One of the major disadvantages to this system is that it is not possible to perform slick-line operations unless the tubing string is pulled. Solids can be a problem, due to washing of the standing valve or plugging of the slotted pup. The system is also fluid-rate restricted, so it is best suited for wells producing less than 200 bbl/MMcf/d.

Advantages to the system are that it creates a more consistent inflow from the reservoir and effectively reduces flowing bottomhole pressure. Both cases result in increased production. This is a contained system below the packer; so injection gas is kept off the formation. And the system is able to operate at lower than normal reservoir pressures (minimum of 400 psi).

Injection flows down the casing to a special hanger mandrel above the tubing (Figure 3). Gas is then injected through the valve into a smaller dip tube, landed below the packer. The production tubing extends below the packer into the horizontal section (typically 700 ft MD). Section length actually is dependent on the deviation of the horizontal section, and ideally extends into the 90° section where fluid is suspected to be accumulating. The dip-tube string is typically 1 in. to 11?4 in. in-line pipe. By introducing gas injection deeper into the leg, the amount of injection is less than it would be if it were done above the packer only.

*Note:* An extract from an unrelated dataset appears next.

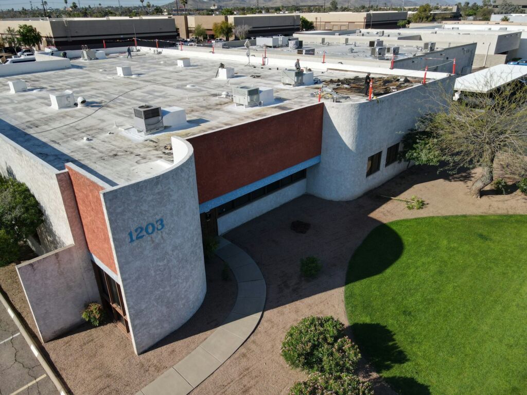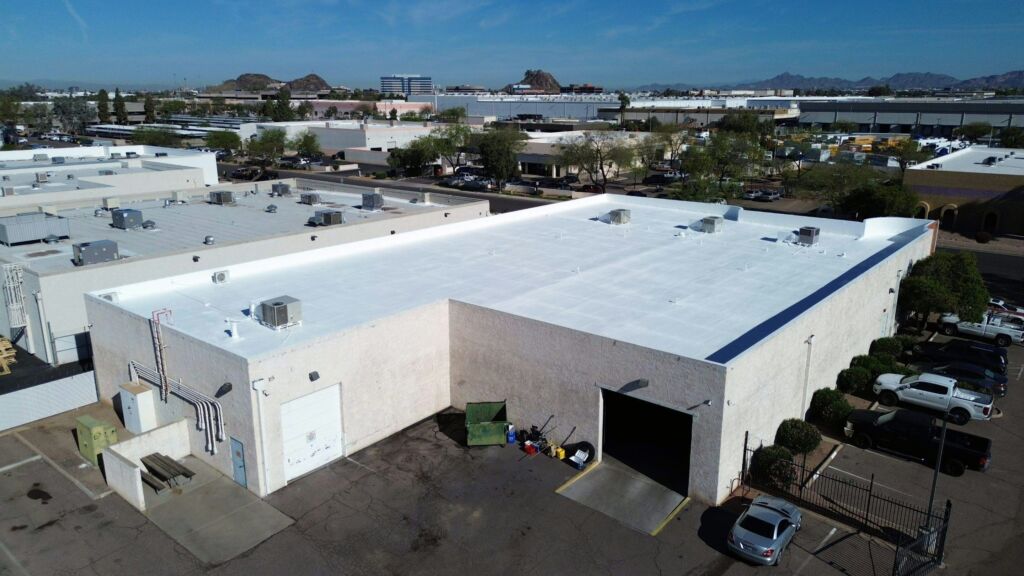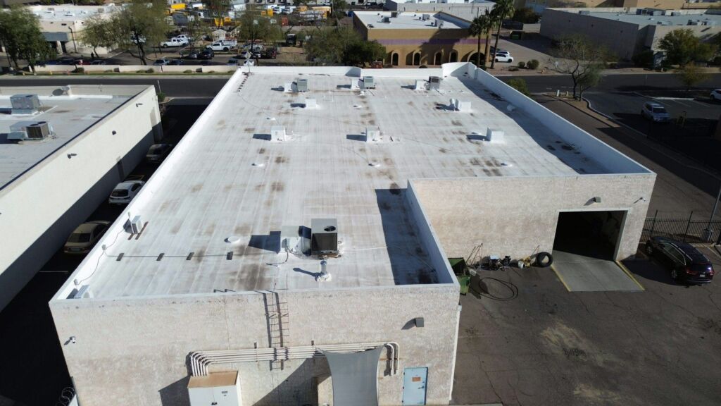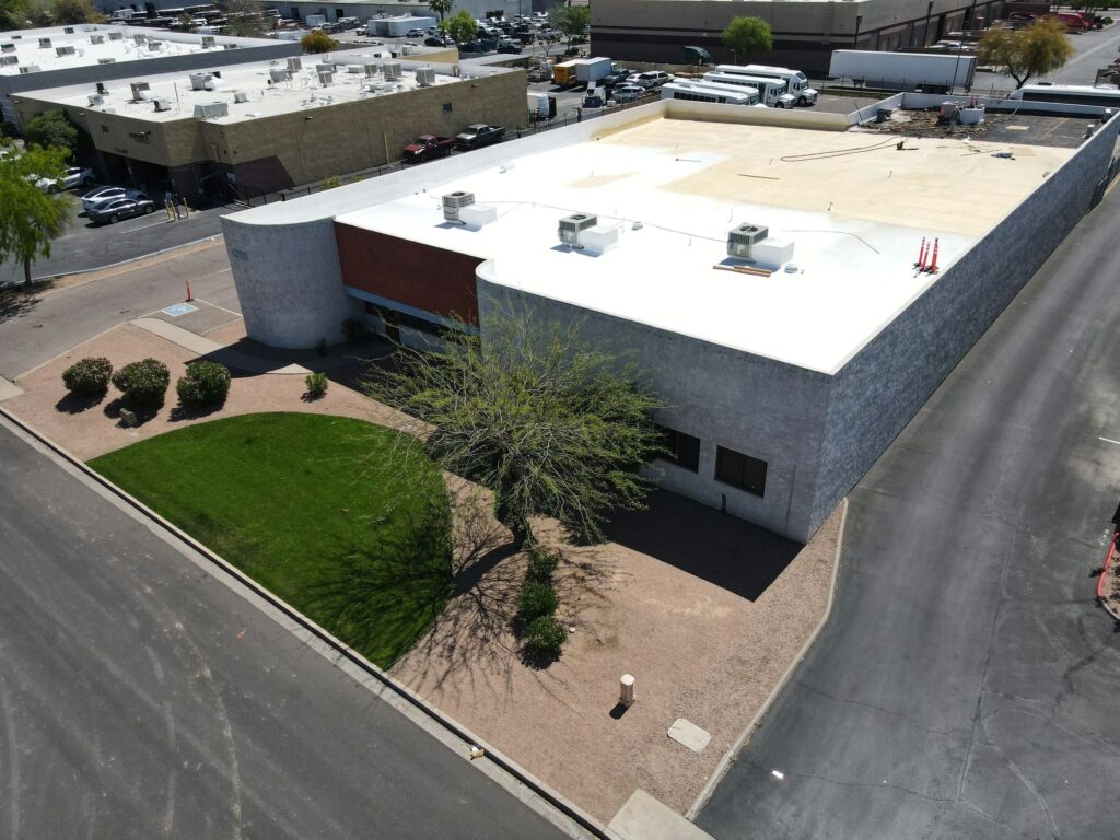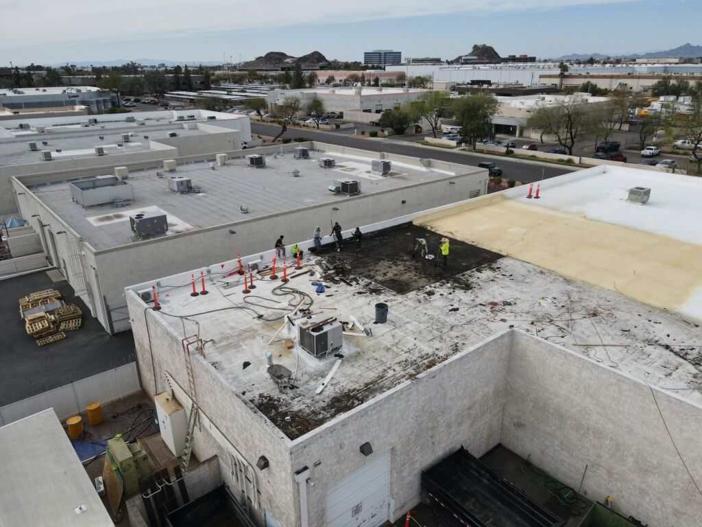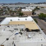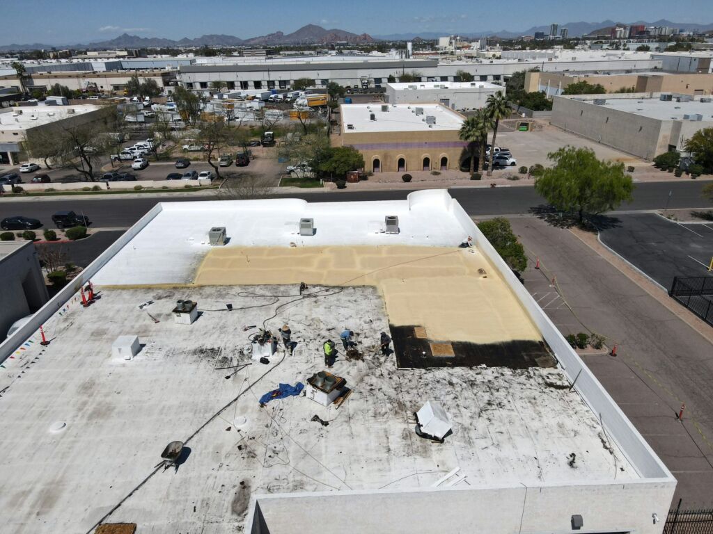 Our team completed a full roof replacement for a commercial building by removing the existing foam roofing system and the underlying built-up asphalt roof. The tear-off was performed in sections to ensure safety and efficiency, with damaged plywood decking replaced as needed. The new system included the installation of one inch of spray-applied polyurethane foam, finished with a three-gallon-per-square protective coating. This project was completed to manufacturer standards and is backed by a 10-year system warranty.

The dip tube is equipped with a standing valve and slotted nipple or pup joint. The standing valve allows fluid to enter into the tubing without surging back. Dip tube injection assists the fluid up past the packer and into the tubing string to the surface. The tubing below the packer also assists in bringing better velocity deeper into the well.

Final words

Success at increasing the performance of gas wells using artificial lift methods begins with accurate collection of well data, including reservoir and surface
pressures, and production history. With so many options available, improved production and reduced operating costs requires thoughtful first-time selection of the correct artificial lift means. Understanding the parameters for successful application of each artificial lift method ensures substantial benefits.